Intel itself has been talking about McKinley for the last year and has been sampling the chip since early-2001 (see Aug. 28 story ). The processor is expected to compete against similar 64-bit chips from Advanced Micro Devices, IBM, MIPS, and Sun Microsystems, according to analysts.

SPC5748CK1MKU6_Datasheet PDF

McKinley is also the follow-on chip to Intel's current 64-bit processor–dubbed Itanium, which was co-developed by Intel and Hewlett-Packard Co. at a reported cost of $1 billion.

But the Itanium chip was two years late to the market, and so far, has been a disappointment in terms of sales for Intel, according to analysts. Now, system manufacturers are waiting for the new and improved McKinley processor for 64-bit computing applications (see May 25 story ).

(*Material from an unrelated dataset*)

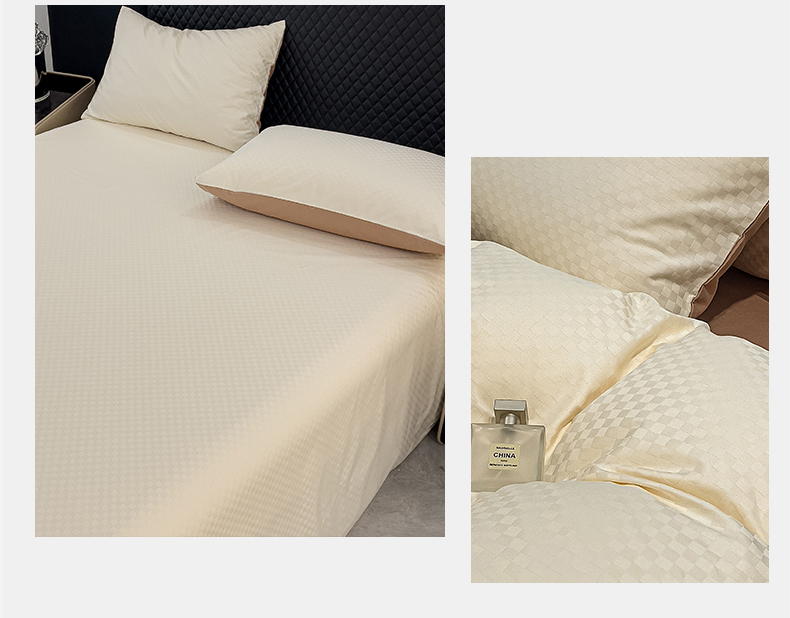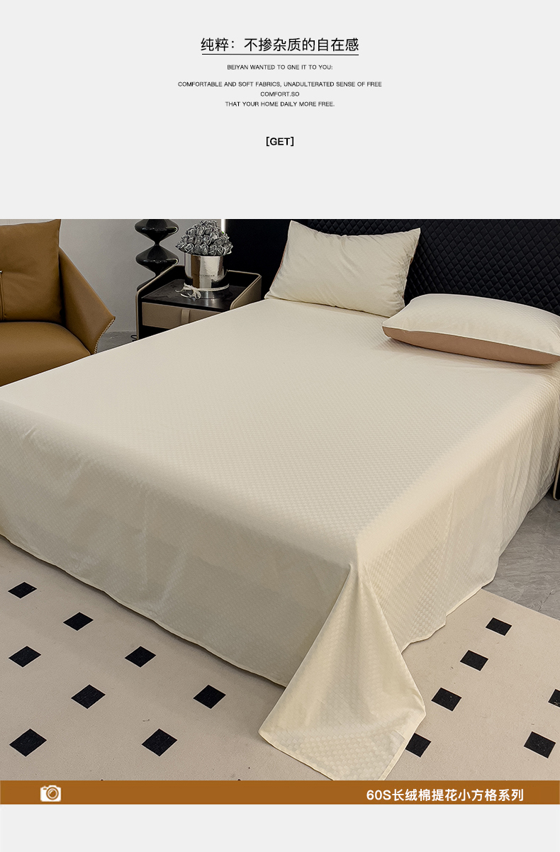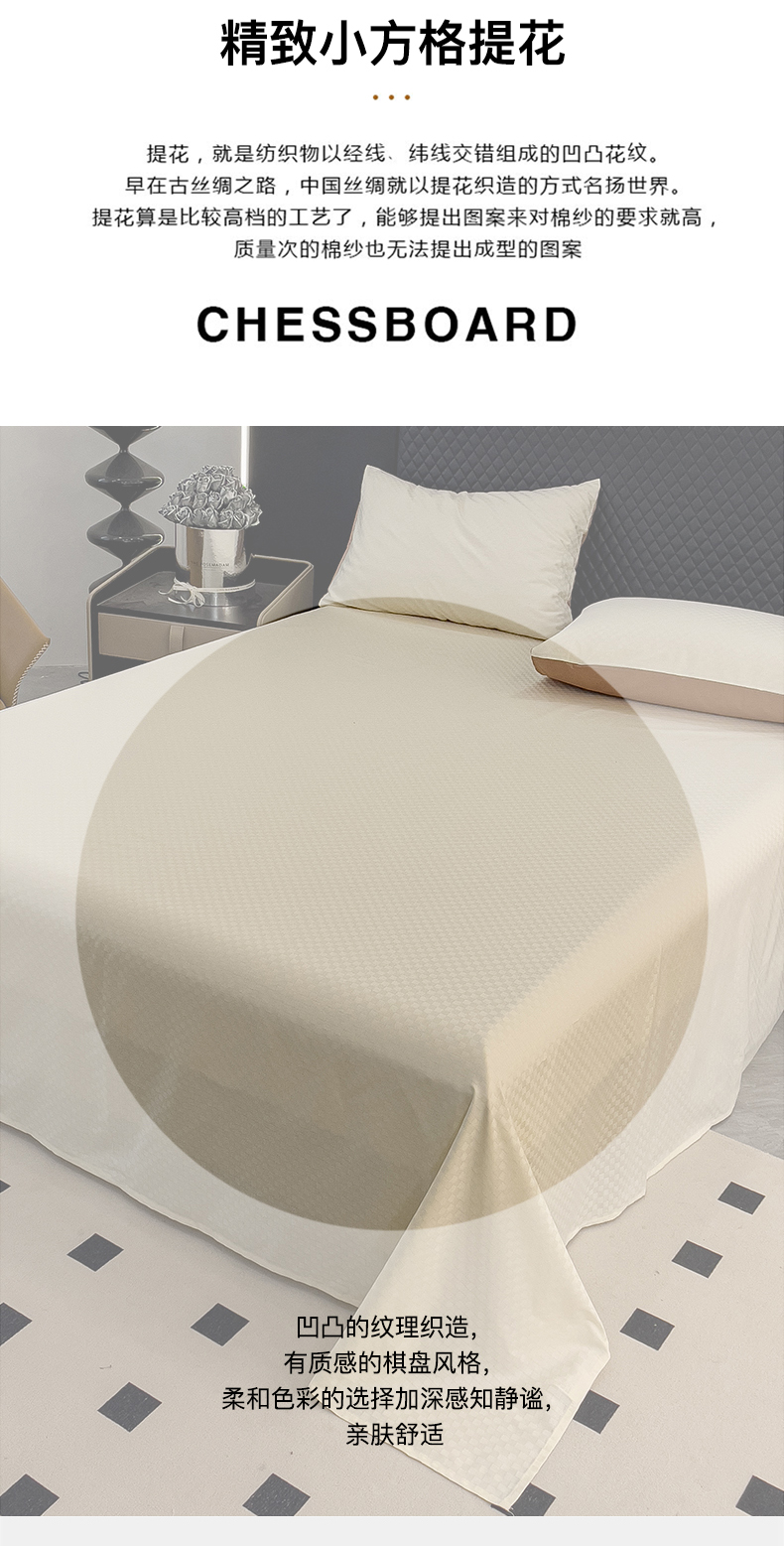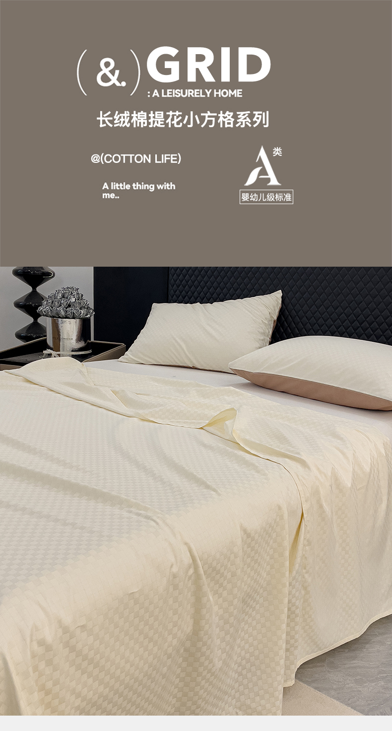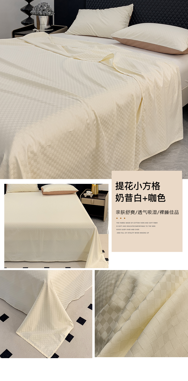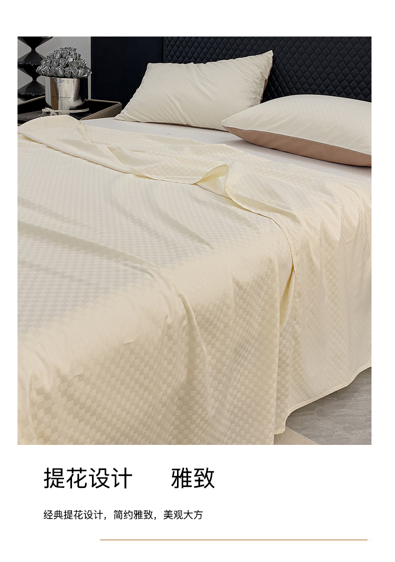 金鑫汇家纺 2024新款长绒棉提花小方格系列四件套单品系列-单床单 奶昔白+咖

In addition, the 802.11 specification itself gives mobile device designers considerable flexibility for implementing power management. While connected, the device can be placed in a power-saving sleep” or standby mode between beacons, those instants in time when the 802.11b subsystem looks for information from the wireless network's AP. Beacons are transmitted at precise intervals, 10 times per second for example, and are used by the WLAN to identify all network members, and to alert these stations when data is waiting to be transmitted to them. This ability for Wi-Fi devices to enter a sleep mode allows a major reduction in average power consumption.

Taking this concept a step further, the device does not have to be awake for every beacon. The 802.11 protocol allows the station to use a parameter called the Listen Interval to save additional power. The Listen Interval is a parameter sent to the access point during network connectivity. The use of longer Listen Intervals allows the device to miss a specific number of beacons, without losing any data traffic or disconnecting from the network.

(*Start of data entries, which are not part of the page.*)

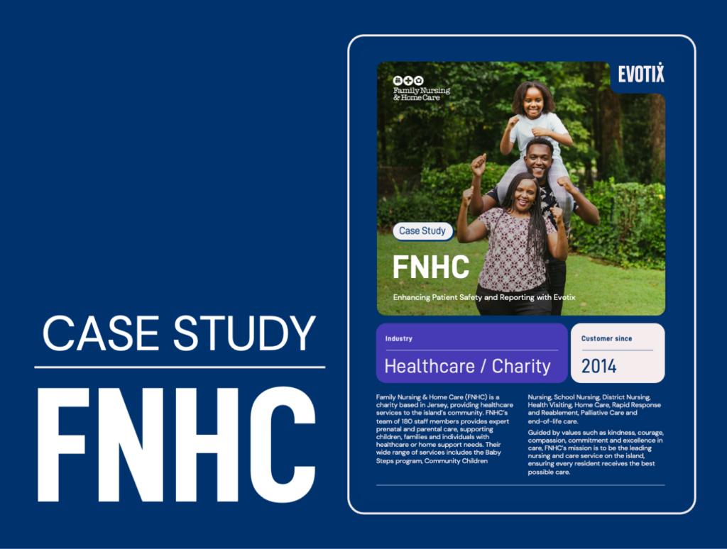 Family Nursing & Home Care Transformed Patient Safety and Reporting with Evotix “When you’ve got an EHS&S system that does everything, why would you use two different systems you need to log into?” Get the case study At a glance Solution When FNHC first partnered with Evotix, they faced a significant challenge: staff hesitated to […]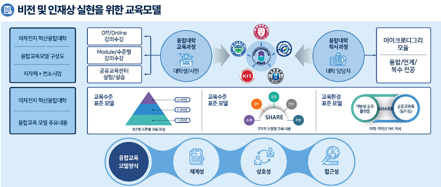- 이차전지는 다양한 신산업 분야에서 필수적인 중요 부품으로써 세계적인 수요가 증가하고 있습니다. 따라서 이차전지는 현재를 넘어 미래가 더욱 기대되는 고부가가치 학문분야입니다. “세계 이차전지 산업을 선도하는 자율과 창의 중심의 융합형 첨단 인재 양성”이 이차전지 혁신융합전공의 비전이며, 융합형 첨단 인재 양성을 위해 대학간・학제간 제약 없는 자율적인 교육 체계 구성과 급성장하는 이차전지 산업에서 새로운 가치를 창출하는 창의를 핵심 지향점으로 설정하였습니다. 이러한 융합형 이차전지 혁신융합전공 이수를 통해 이차전지 소재/분석, 제조/공정, 진단/안전, 장비/시스템 및 자원순환의 다양한 영역에 걸쳐 이론교육을 통해 주요한 지식을 함양하고, 실질적인 설계·실습을 통해 현장 중심형 핵심 인력을 양성하고자 합니다. 이를 바탕으로 이차전지 분야 대기업 및 중견·중소기업, 연구소 분야 등에 필요한 고급인재 배출을 목표로 하고 있습니다.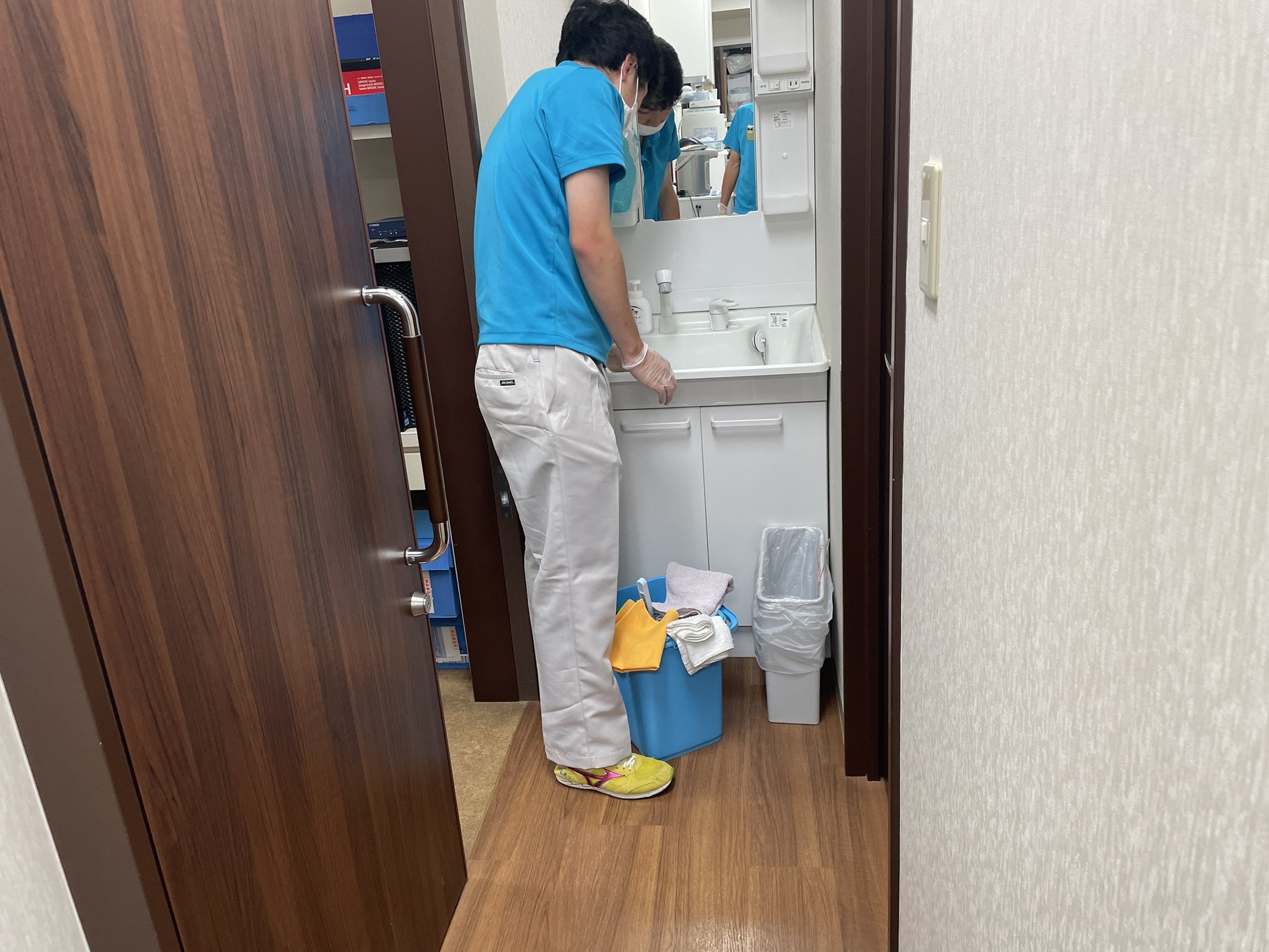 写真は洗面台の清掃をしているレクターです!

Under this mechanism, the AP buffers data while the station is asleep and not listening. You could se the Listen Interval at 10, for example, so that the 802.11b subsystem would wake to listen to every tenth beacon. Therefore, when 10 beacons occur per second, the device would wake and listen once every second. The device's response time using this Listen Interval would not be perceptible to users. The system would function as if it were continuously connected to the WLAN. It is important to note, however, that the AP and network must be able to handle data-buffering requirements for all associated devices.

Two important factors affecting power consumption in a mobile 802.11b system are the rate at which data is transmitted between the AP and stations, and the range or distance supported by the device's 802.11b radio frequency (RF). Range has a more straightforward relationship with power than data rate. A designer can specify a desired range for the device and reduce the RF transmit power if shorter distances are acceptable. In certain applications, it's possible to remove or bypass the RF system's power amplifier altogether. Doing so would reduce transmit power consumption, but it would also limit the supported data rate to 1 or 2 Mbits/second.

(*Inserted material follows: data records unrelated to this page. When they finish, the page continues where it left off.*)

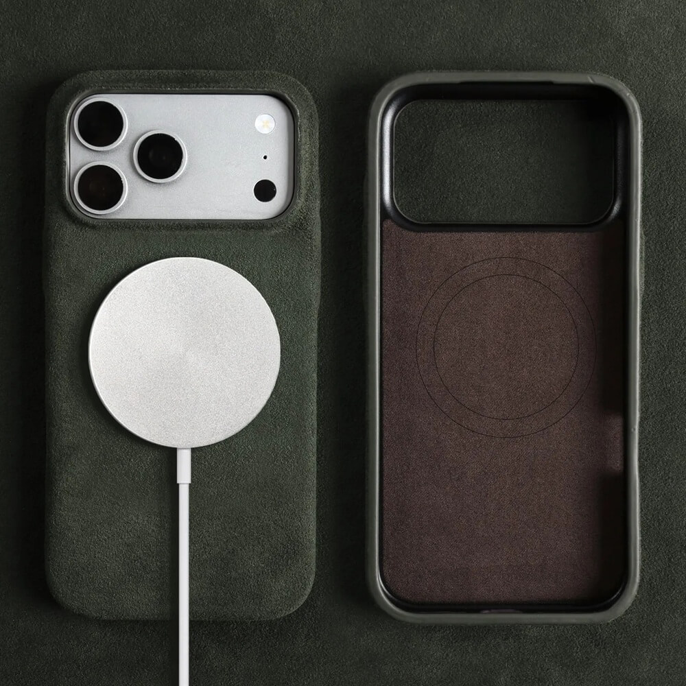 This MagSafe-compatible iPhone case features an Alcantara exterior with a soft matte textile finish and a consistent surface grain. The magnetic charging system is built into the back layer, aligned for wireless charging without exposed rings or printed outlines. Our Alcantara case is available for iPhone 17, 17 Air, 17 Pro, and 17 Pro Max.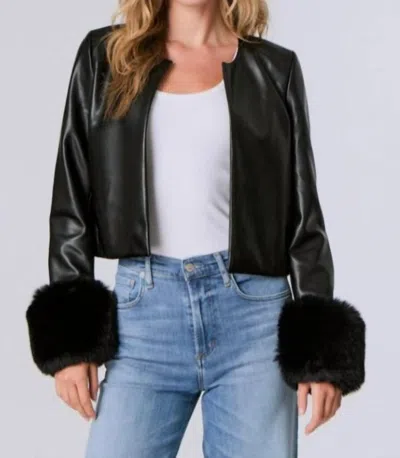 Faux Leather Cardigan Jacket With Fur Cuffs In Black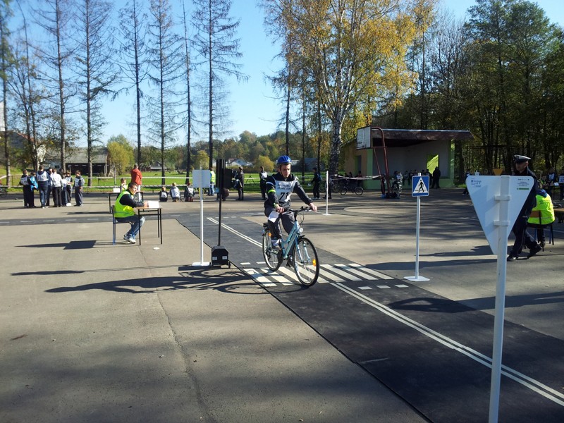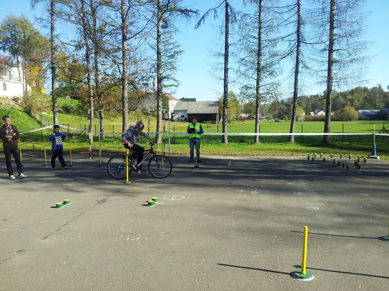 i drugiej części - przejazd rowerami z elementami toru przeszkód w miasteczku ruchu drogowego z oceną prawidłowego zachowania się w trakcie przejazdu.

The data rate has a more complex relation to power consumption. For example, one approach to reduce 802.11b power would be to restrict operation to lower data rates (which are less susceptible to interference), in combination with lower RF transmit power. The same usable range, or distance, for the device could be maintained with reduced transmit power because lower data rates are more tolerant of interference.